Per Uber geht es von der Tokyo Station quer durch die Stadt nach Shinjuku. Die Menschen alle ohne dicke Jacken, mit Sonnenbrille, es ist richtig Frühling! Wir werfen nur kurz unser Gepäck im Hotel ab und spazieren die Straße runter. Es ist wirklich erstaunlich zu sehen, wie die Menschen bei den blühenden Kirschbäumen stehen bleiben, fotografieren, filmen und einfach unglaublich guter Laune sind. Was so ein paar Blüten ausmachen!

Wir schlendern weiter und schauen nochmal bei (Tokyu) Hands vorbei, diesem wunderbaren riesigen Laden, der offiziell als Baumarkt gelistet ist, aber einfach alles verkauft: vom Lachmuskeltrainer über DIY-Katzenbäume, Chemie-Baukästen, Massagepistolen, Gesichtsmasken bis hin zu Schreibwaren und Gepäck. Gutem Wechselkurs und Taxfree Shopping sei Dank kaufen wir noch einen weiteren Koffer der Hausmarke, mit deren Qualität wir bereits seit einigen Jahren sehr zufrieden sind. Heute haben wir auch Zeit und werden nicht ungeduldig, als das übliche Prozedere einsetzt: Man verkauft uns nicht die Ausstellungsstücke, sondern holt ein neues Exemplar im Lager, das dann komplett vorgeführt wird, mit Test aller Reißverschlüsse & Co. Und am Counter gibt’s als Dankeschön dann noch, passend zum Jahr des Hasen, ein Lucky Charm in Hasenform geschenkt.
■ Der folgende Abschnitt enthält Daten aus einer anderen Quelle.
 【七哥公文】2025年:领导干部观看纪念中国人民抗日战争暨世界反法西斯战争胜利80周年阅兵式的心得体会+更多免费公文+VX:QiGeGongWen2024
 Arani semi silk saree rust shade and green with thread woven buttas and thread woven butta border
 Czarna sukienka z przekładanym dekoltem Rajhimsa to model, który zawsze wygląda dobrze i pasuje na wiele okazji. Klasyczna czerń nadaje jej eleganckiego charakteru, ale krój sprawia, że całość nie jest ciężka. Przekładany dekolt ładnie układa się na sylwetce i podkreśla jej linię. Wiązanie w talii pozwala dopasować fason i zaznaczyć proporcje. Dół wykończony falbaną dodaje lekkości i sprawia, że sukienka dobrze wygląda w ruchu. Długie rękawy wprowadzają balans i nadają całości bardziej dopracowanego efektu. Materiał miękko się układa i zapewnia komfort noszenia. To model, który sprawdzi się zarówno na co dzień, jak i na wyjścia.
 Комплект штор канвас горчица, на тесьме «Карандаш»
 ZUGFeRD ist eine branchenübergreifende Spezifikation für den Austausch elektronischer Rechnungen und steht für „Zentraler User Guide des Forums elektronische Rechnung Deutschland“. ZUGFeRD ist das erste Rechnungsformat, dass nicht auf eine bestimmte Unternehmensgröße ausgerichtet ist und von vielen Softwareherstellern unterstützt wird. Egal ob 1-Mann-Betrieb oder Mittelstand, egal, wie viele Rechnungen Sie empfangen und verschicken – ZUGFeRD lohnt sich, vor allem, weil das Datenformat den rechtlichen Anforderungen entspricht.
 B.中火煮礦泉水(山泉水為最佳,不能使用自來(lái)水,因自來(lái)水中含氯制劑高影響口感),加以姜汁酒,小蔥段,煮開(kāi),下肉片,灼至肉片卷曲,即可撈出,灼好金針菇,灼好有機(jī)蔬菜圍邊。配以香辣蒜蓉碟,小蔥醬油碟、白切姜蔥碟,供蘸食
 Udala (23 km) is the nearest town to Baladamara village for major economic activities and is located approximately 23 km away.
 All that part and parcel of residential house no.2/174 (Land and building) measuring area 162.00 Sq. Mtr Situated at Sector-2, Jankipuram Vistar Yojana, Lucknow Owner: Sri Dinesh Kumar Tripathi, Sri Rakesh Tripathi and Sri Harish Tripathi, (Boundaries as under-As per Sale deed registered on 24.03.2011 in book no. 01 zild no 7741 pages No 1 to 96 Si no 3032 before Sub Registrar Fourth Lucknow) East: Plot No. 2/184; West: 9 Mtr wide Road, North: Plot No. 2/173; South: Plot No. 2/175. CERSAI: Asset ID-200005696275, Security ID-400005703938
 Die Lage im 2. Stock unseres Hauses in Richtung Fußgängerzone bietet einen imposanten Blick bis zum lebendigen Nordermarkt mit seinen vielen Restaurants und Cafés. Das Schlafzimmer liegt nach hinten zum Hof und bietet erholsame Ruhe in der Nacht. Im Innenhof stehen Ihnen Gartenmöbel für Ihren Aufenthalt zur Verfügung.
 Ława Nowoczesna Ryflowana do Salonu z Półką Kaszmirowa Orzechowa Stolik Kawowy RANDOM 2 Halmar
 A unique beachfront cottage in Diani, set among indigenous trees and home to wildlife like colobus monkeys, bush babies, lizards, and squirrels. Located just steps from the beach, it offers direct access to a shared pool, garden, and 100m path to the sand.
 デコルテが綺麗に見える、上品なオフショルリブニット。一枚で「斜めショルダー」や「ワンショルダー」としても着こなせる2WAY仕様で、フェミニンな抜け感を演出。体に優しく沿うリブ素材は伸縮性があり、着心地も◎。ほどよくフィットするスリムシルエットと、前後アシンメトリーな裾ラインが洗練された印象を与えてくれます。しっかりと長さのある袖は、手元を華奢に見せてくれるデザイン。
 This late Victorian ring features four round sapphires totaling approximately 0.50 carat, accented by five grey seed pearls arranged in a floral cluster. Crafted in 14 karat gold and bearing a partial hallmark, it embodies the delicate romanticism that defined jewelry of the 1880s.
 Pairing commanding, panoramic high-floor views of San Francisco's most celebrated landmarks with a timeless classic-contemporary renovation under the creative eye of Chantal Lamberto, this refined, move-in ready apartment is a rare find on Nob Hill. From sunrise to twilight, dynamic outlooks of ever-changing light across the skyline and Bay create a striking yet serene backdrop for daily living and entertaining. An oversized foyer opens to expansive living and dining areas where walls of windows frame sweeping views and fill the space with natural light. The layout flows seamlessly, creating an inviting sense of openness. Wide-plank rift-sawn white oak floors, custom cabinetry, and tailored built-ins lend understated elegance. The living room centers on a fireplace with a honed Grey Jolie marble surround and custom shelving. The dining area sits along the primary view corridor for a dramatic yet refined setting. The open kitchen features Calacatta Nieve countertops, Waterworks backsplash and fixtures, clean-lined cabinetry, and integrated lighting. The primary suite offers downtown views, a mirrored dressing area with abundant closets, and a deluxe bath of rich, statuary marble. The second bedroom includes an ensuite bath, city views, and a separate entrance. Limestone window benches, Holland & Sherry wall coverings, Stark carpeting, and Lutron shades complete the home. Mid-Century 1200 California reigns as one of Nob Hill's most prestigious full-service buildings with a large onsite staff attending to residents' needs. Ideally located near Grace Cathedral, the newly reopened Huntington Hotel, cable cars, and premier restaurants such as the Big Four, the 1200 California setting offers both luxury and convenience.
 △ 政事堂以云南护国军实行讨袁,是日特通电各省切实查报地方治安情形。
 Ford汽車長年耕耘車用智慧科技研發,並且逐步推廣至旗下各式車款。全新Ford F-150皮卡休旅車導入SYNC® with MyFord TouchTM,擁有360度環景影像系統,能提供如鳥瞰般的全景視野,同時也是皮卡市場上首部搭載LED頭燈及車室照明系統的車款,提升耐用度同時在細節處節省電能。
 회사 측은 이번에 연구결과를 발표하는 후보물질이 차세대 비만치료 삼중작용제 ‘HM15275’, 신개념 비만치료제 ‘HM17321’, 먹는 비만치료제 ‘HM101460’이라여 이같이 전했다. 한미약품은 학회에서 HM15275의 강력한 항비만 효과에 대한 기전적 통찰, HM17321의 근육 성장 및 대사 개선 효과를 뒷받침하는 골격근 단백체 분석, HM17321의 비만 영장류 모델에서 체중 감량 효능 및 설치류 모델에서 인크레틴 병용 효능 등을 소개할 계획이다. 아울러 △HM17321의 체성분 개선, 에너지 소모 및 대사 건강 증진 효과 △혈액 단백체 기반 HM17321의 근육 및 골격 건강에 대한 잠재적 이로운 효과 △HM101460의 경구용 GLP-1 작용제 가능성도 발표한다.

Shopping macht hungrig und wir steuern zielstrebig Sushizanmai an, das etwas versteckt in einem oberen Stockwerk liegt. Wen die schrille Werbung nicht abschreckt, der bekommt hier wahnsinnig leckeres Sushi. Hier waren wir schon vor der Pandemie, hier wollen wir uns auch heute eine leckere Sushi-Mahlzeit gönnen. Es ist viel los, es gibt eine Warteliste, aber wir kommen schnell an die Reihe und sitzen bald schon am Tresen mit Blick auf die emsigen Sushi-Köche. Der Besuch lohnt sich auch dieses Mal und eine Stunde später steigen wir satt und glücklich in den Aufzug nach unten, den Rest des Tages und das schöne Wetter draußen genießen.